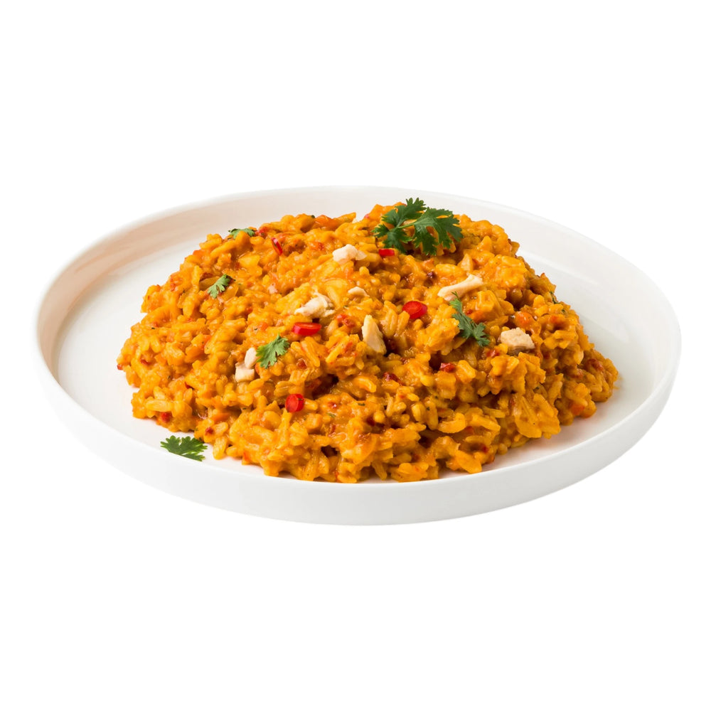 Dieser mexikanisch inspirierte Eintopf bringt würzigen Geschmack in dein Outdoor-Abenteuer. Die Kombination aus Reis, Poulet und aromatischen Gewürzen sorgt für eine kräftige und sättigende Mahlzeit. Gemüse wie Paprika, Tomaten und Karotten runden das Gericht perfekt ab. Ideal, um nach einem langen Tag neue Energie zu tanken. Die Zubereitung erfolgt einfach direkt im Beutel mit heissem Wasser. Leicht, kompakt und perfekt für unterwegs.
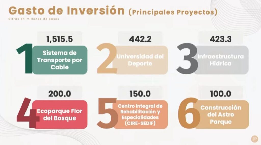 • El Cablebús, cuya inversión será de mil 515.5 millones de pesos.
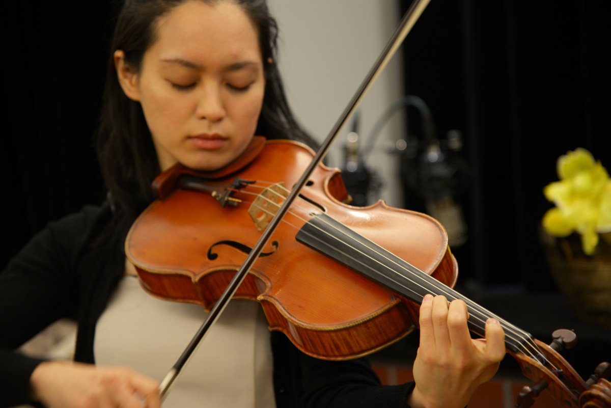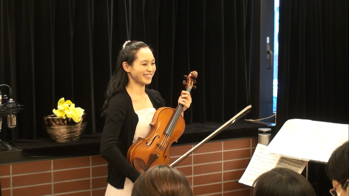 ヴィオリストの高橋梓さんをお迎えしました 。いよいよ公演開始です。あまりに近い観客を前に、最初はちょっと緊張気味かな?ヴィオラのソロを聴く機会はなかなか無いものです。梓さん、その中でも選りすぐりの曲を披露されました。まず始めはカンパニョーリ作曲・41のカプリスより第32番 一曲弾き終わったばかりなのに、会場はもうすっかり梓さんの世界に。周囲の誰もが一目置く博識の彼女です、作曲家や作品の紹介はとっても深く興味深いものばかり!ヴュータン:無伴奏ヴィオラのための奇想曲、バッハ(コダーイ編曲) : ファンタジア・クロマティカ 。そしてヒンデミットの無伴奏ヴィオラソナタ作品25-1梓さんの手にかかると、ヴィオラとはこんなにも魅力的な楽器なのかと驚くばかり。 艶やかな音色に包まれる時間は至福のひとときです。
※ ※ ※
**Task directions:** A faithful copy is needed: reproduce all of the data above, leaving the pictures out.

**Problem solution:**
 Dieser mexikanisch inspirierte Eintopf bringt würzigen Geschmack in dein Outdoor-Abenteuer. Die Kombination aus Reis, Poulet und aromatischen Gewürzen sorgt für eine kräftige und sättigende Mahlzeit. Gemüse wie Paprika, Tomaten und Karotten runden das Gericht perfekt ab. Ideal, um nach einem langen Tag neue Energie zu tanken. Die Zubereitung erfolgt einfach direkt im Beutel mit heissem Wasser. Leicht, kompakt und perfekt für unterwegs.
 • El Cablebús, cuya inversión será de mil 515.5 millones de pesos.
 ヴィオリストの高橋梓さんをお迎えしました 。いよいよ公演開始です。あまりに近い観客を前に、最初はちょっと緊張気味かな?ヴィオラのソロを聴く機会はなかなか無いものです。梓さん、その中でも選りすぐりの曲を披露されました。まず始めはカンパニョーリ作曲・41のカプリスより第32番 一曲弾き終わったばかりなのに、会場はもうすっかり梓さんの世界に。周囲の誰もが一目置く博識の彼女です、作曲家や作品の紹介はとっても深く興味深いものばかり!ヴュータン:無伴奏ヴィオラのための奇想曲、バッハ(コダーイ編曲) : ファンタジア・クロマティカ 。そしてヒンデミットの無伴奏ヴィオラソナタ作品25-1梓さんの手にかかると、ヴィオラとはこんなにも魅力的な楽器なのかと驚くばかり。 艶やかな音色に包まれる時間は至福のひとときです。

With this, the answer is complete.